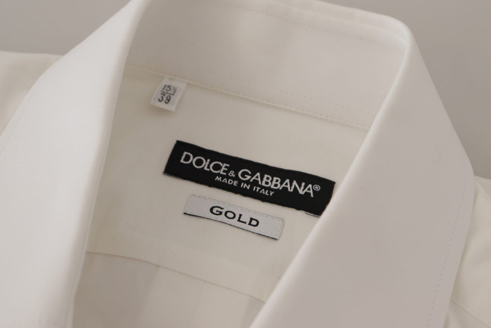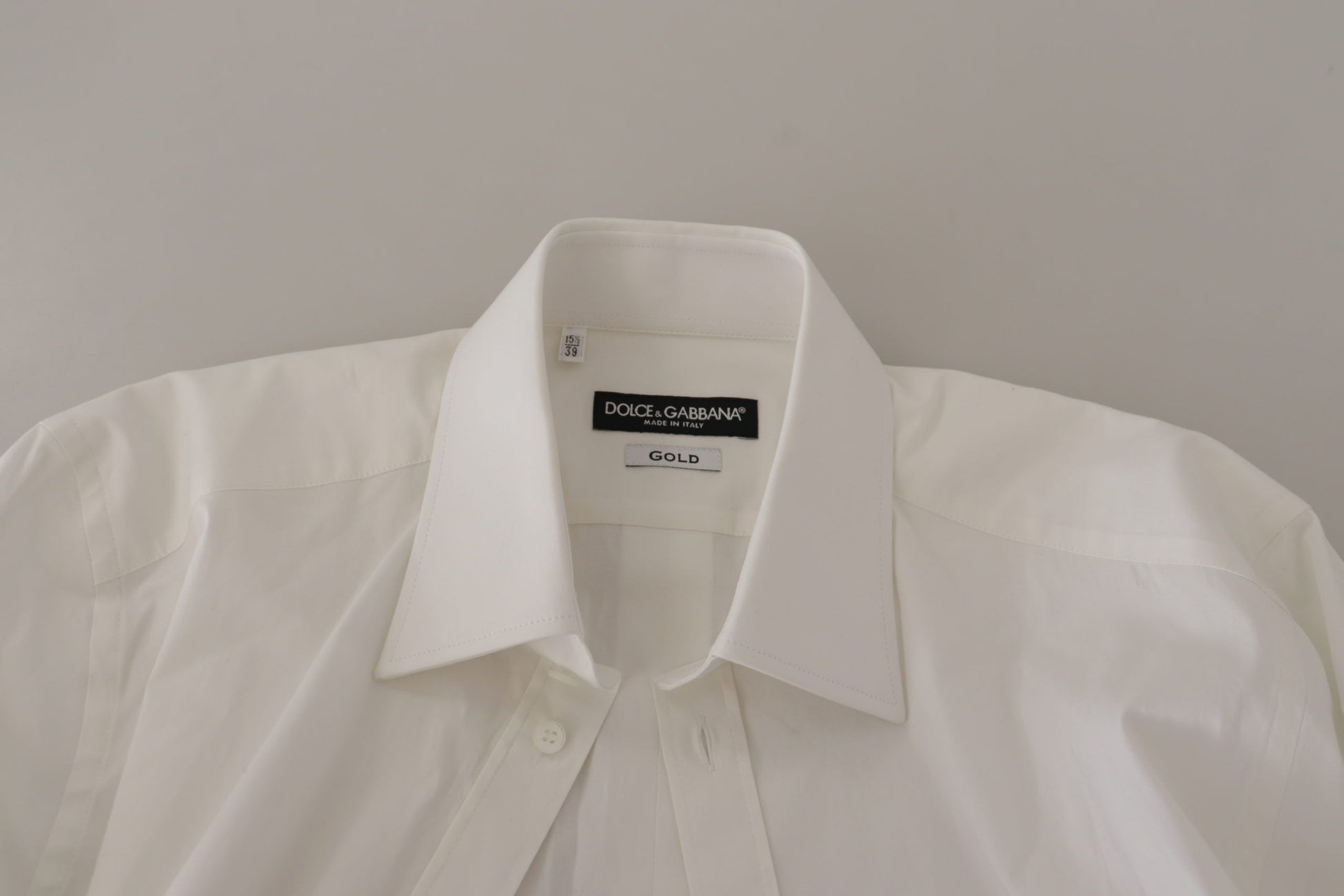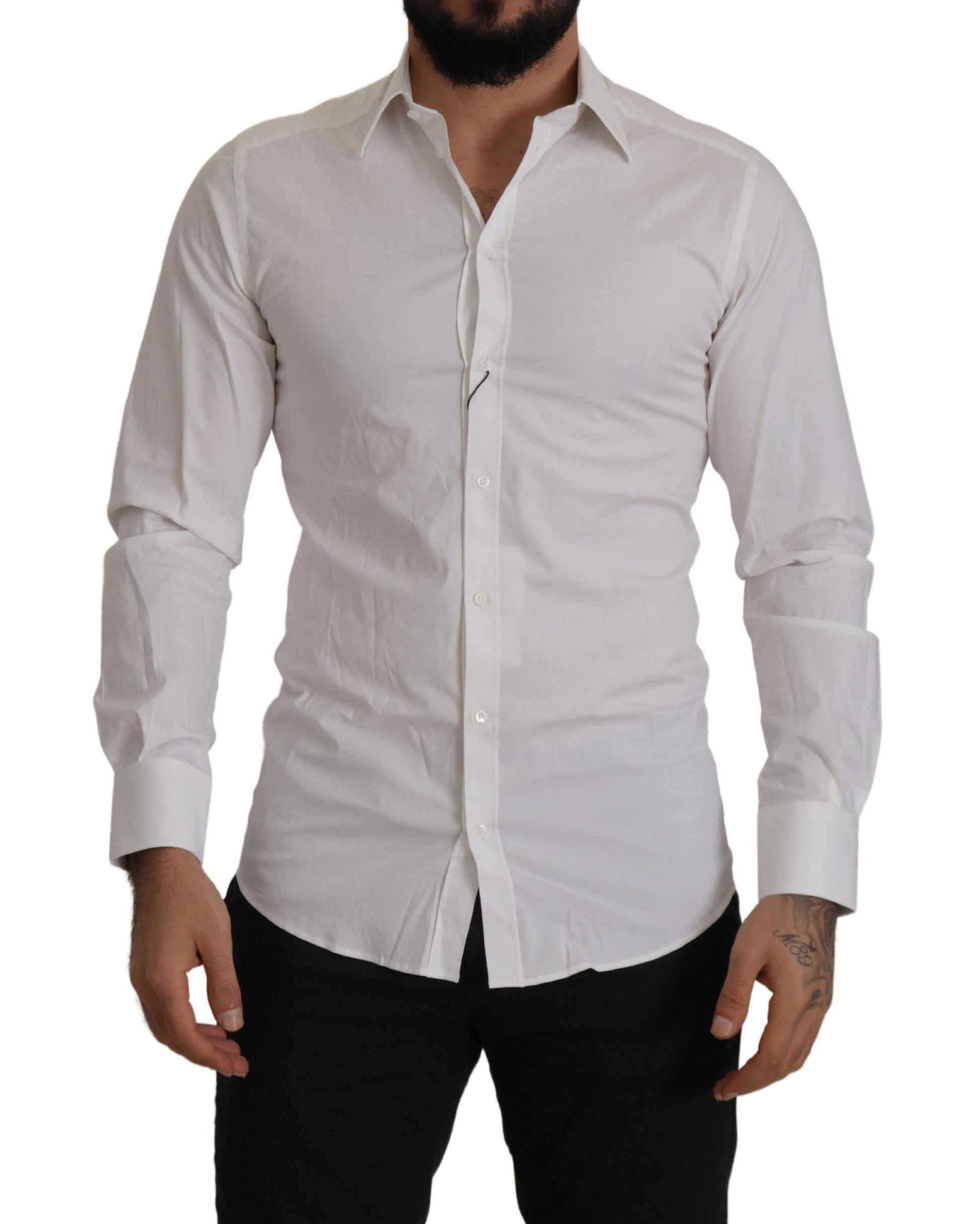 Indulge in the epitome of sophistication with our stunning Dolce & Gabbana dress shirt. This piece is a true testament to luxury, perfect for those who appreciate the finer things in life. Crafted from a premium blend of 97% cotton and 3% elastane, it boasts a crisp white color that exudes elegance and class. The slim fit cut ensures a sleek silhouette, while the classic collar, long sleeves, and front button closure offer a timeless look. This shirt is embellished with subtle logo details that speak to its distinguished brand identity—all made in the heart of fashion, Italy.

▬▬▬▬▬▬▬▬▬▬

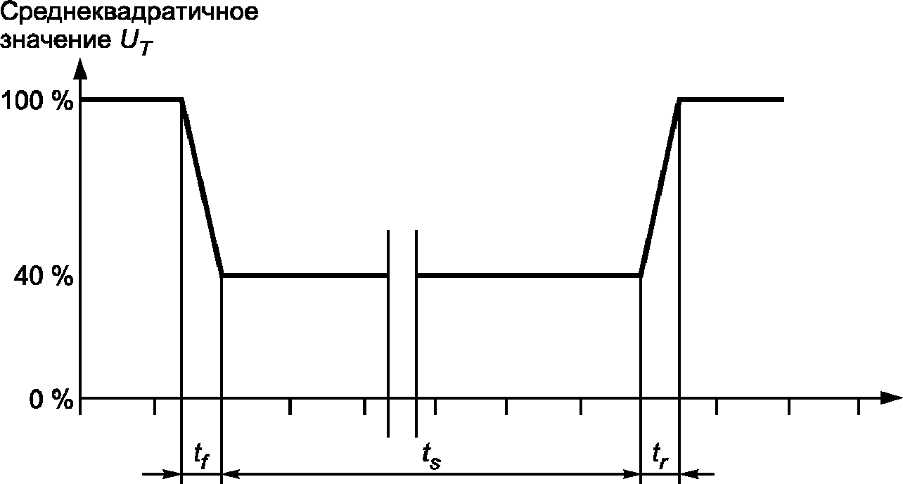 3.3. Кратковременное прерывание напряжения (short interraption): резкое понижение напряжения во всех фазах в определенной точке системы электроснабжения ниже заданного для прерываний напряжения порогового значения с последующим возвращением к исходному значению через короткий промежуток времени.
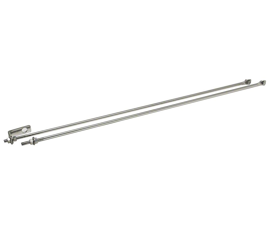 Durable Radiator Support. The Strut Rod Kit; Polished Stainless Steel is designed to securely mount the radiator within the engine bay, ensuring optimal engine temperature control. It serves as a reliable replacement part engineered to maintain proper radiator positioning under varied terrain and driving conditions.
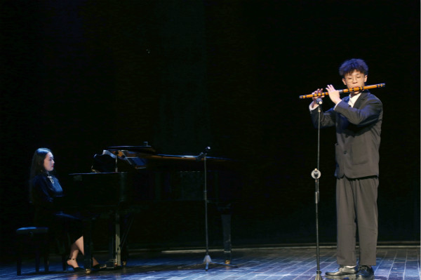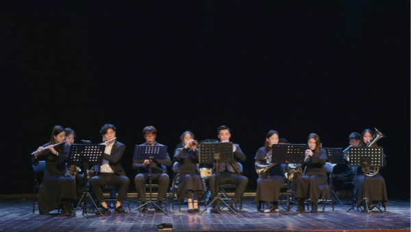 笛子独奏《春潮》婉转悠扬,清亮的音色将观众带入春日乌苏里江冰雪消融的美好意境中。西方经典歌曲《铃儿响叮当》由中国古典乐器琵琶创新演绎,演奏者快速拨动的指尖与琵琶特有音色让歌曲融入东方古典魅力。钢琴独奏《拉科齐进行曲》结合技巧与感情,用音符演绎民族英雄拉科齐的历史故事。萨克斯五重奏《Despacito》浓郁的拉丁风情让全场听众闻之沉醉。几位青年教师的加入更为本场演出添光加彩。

▬▬▬▬▬▬▬▬▬▬

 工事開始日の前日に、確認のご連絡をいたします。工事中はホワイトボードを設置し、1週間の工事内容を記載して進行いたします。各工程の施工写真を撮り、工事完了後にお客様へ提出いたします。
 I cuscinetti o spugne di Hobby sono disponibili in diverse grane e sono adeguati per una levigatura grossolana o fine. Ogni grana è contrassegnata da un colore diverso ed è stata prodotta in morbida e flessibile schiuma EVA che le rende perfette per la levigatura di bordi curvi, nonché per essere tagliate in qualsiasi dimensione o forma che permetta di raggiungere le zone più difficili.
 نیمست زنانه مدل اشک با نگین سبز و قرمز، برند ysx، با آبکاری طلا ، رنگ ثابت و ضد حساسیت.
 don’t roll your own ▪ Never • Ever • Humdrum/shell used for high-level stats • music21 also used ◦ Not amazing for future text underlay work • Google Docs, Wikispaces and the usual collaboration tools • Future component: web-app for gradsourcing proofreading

▬▬▬▬▬▬▬▬▬▬

Work request =>
In the entries above, find the line holding "工事開始日の前日に、確認のご" and the line holding "نیمست زنانه مدل"; print both of them and every line between, exactly, and nothing else.

Your response =>
 工事開始日の前日に、確認のご連絡をいたします。工事中はホワイトボードを設置し、1週間の工事内容を記載して進行いたします。各工程の施工写真を撮り、工事完了後にお客様へ提出いたします。
 I cuscinetti o spugne di Hobby sono disponibili in diverse grane e sono adeguati per una levigatura grossolana o fine. Ogni grana è contrassegnata da un colore diverso ed è stata prodotta in morbida e flessibile schiuma EVA che le rende perfette per la levigatura di bordi curvi, nonché per essere tagliate in qualsiasi dimensione o forma che permetta di raggiungere le zone più difficili.
 نیمست زنانه مدل اشک با نگین سبز و قرمز، برند ysx، با آبکاری طلا ، رنگ ثابت و ضد حساسیت.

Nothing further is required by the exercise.